#### TASK INSTRUCTIONS:
Once the line containing "This wallpaper carries" is found, please copy it and all lines after it through the end of the records, exactly, leaving out pictures.

Top of RECORDS SHOWN

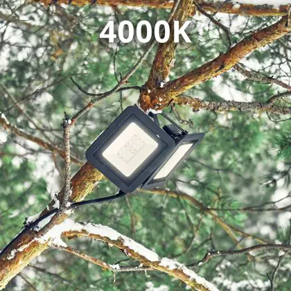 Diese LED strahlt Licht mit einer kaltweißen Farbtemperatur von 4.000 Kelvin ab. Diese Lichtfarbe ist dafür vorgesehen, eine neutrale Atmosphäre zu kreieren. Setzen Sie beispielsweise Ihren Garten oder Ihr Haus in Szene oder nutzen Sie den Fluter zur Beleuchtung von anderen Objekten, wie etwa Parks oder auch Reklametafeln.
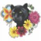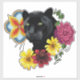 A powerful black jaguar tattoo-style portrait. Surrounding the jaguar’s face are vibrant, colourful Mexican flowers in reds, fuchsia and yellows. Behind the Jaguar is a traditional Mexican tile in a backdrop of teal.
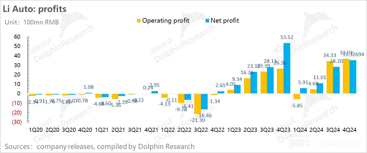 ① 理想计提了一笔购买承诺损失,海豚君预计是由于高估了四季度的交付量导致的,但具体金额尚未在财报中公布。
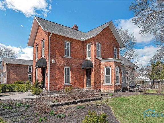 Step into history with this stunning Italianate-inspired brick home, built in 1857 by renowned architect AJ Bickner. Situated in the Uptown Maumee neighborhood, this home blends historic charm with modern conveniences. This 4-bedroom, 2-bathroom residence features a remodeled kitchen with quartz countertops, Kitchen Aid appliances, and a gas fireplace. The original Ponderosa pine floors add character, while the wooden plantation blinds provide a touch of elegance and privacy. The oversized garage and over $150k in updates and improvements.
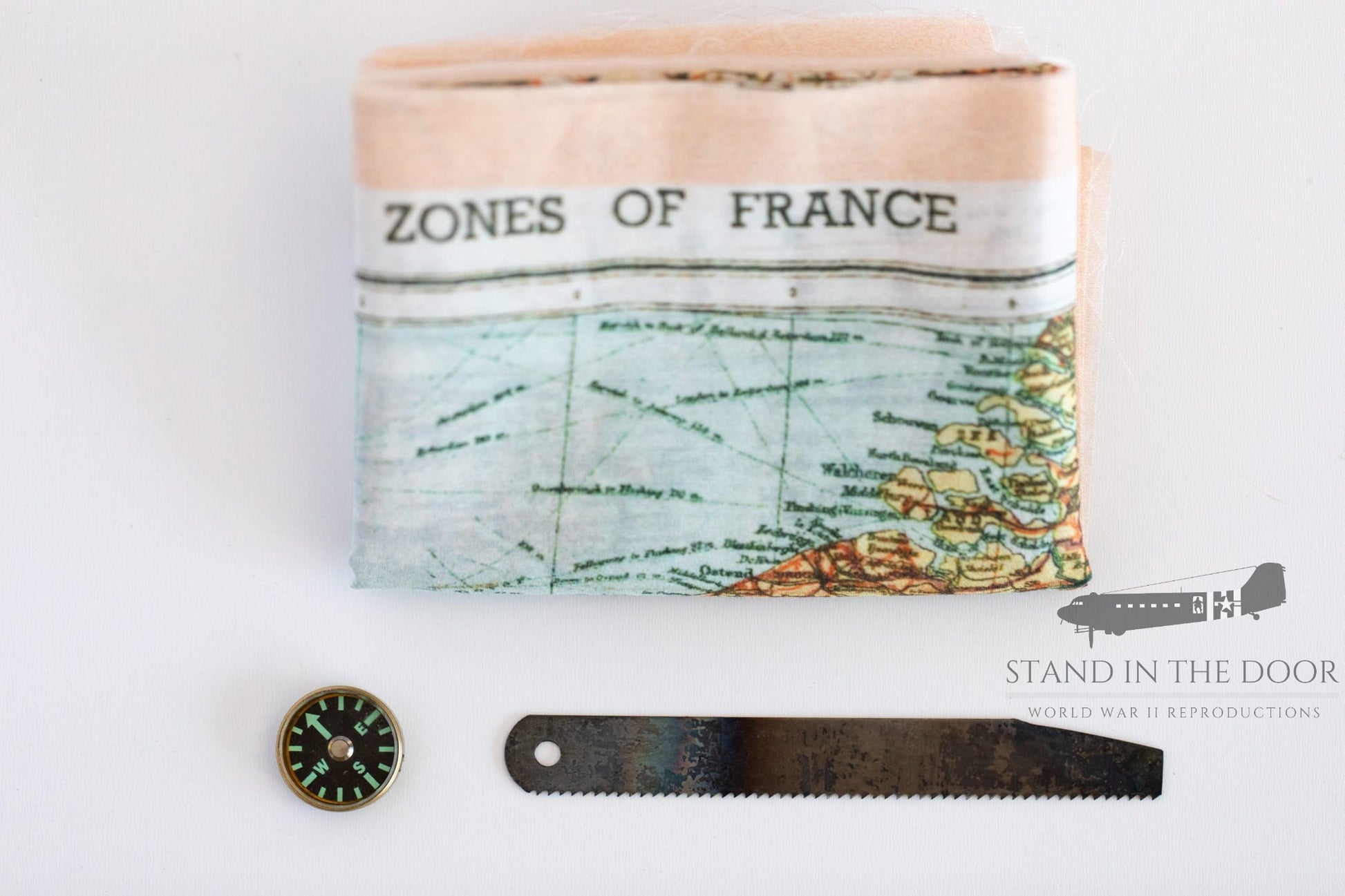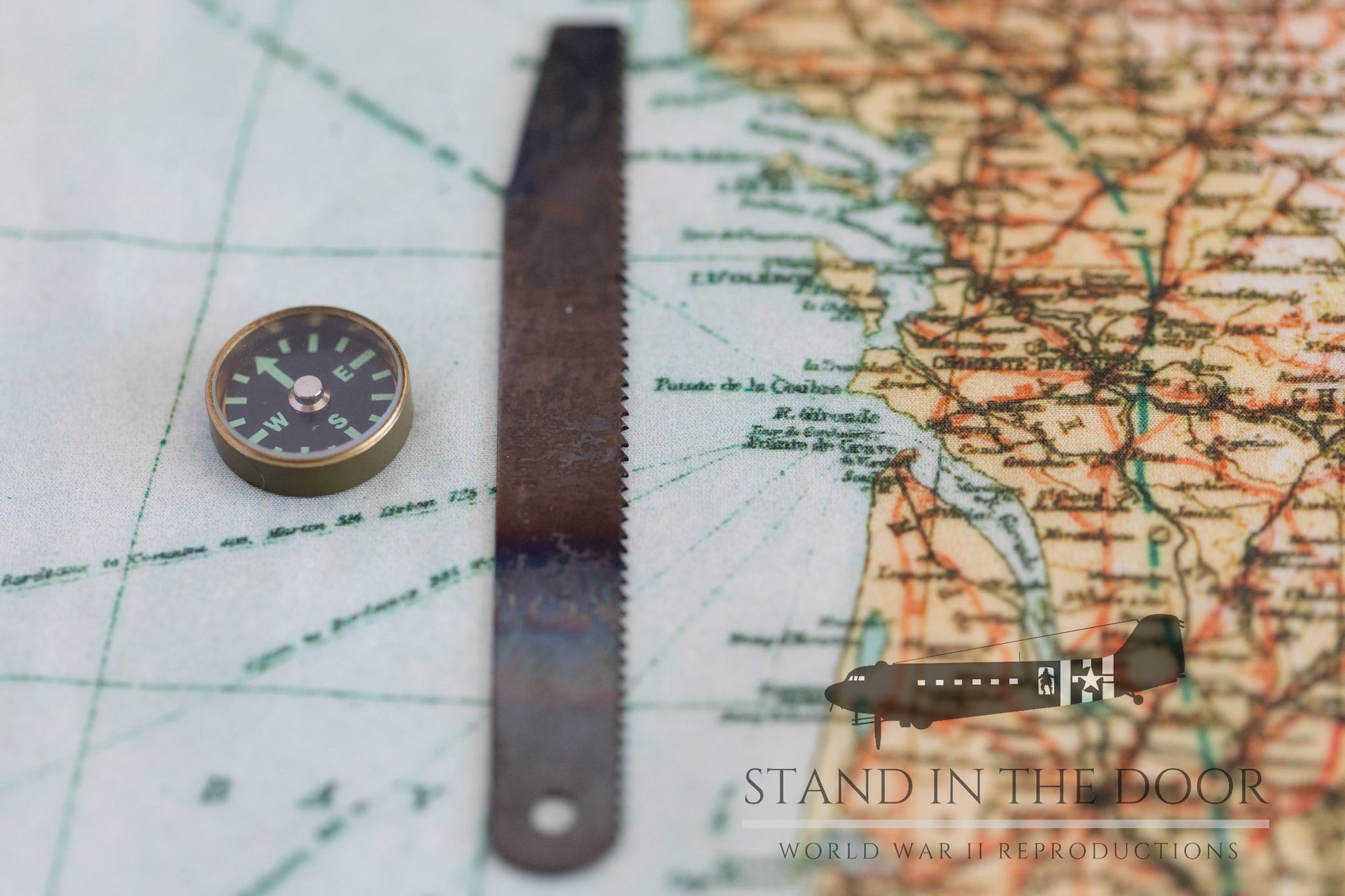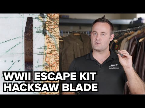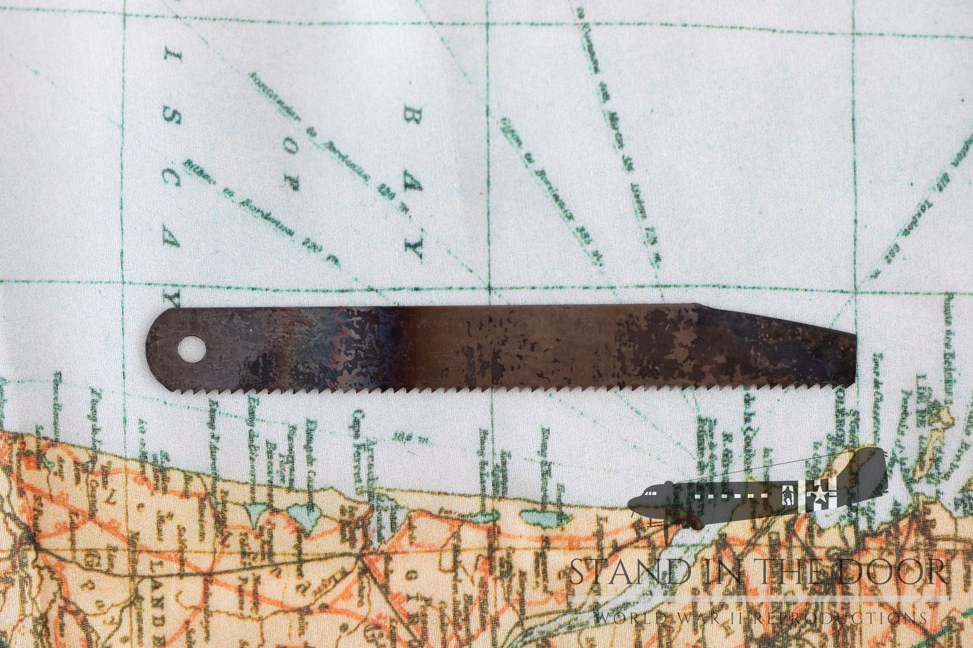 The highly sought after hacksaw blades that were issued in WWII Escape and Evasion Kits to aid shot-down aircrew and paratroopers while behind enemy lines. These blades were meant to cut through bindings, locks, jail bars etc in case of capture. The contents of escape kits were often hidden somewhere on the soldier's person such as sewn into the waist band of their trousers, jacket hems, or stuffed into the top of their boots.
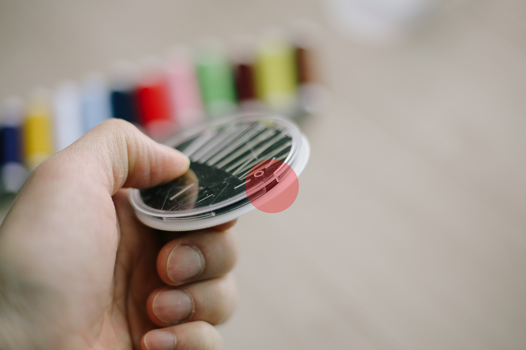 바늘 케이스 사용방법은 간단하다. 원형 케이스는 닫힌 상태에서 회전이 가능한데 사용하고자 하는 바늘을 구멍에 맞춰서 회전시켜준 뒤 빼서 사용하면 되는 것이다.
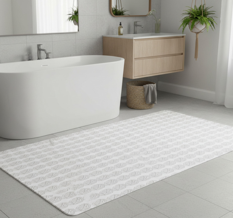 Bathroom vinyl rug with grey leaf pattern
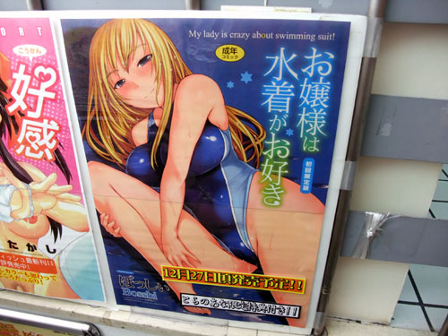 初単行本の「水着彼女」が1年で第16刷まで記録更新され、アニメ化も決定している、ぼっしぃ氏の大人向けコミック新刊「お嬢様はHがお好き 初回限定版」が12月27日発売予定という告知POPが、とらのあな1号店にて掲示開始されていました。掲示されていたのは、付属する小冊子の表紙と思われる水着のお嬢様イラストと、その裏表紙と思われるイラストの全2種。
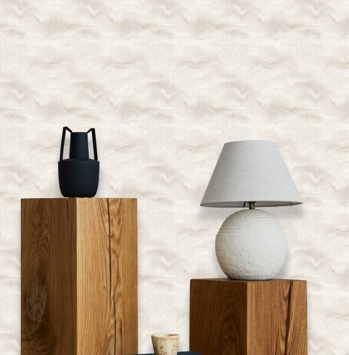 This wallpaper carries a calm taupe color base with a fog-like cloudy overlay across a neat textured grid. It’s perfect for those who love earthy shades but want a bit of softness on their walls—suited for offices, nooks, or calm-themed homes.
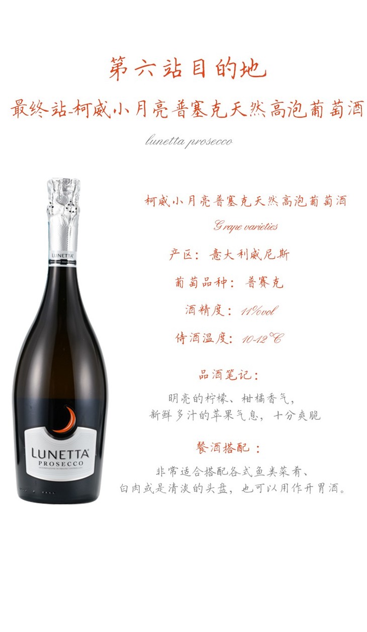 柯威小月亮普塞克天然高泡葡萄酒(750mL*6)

Bottom of RECORDS SHOWN

#### YOUR RESPONSE:
 This wallpaper carries a calm taupe color base with a fog-like cloudy overlay across a neat textured grid. It’s perfect for those who love earthy shades but want a bit of softness on their walls—suited for offices, nooks, or calm-themed homes.
 柯威小月亮普塞克天然高泡葡萄酒(750mL*6)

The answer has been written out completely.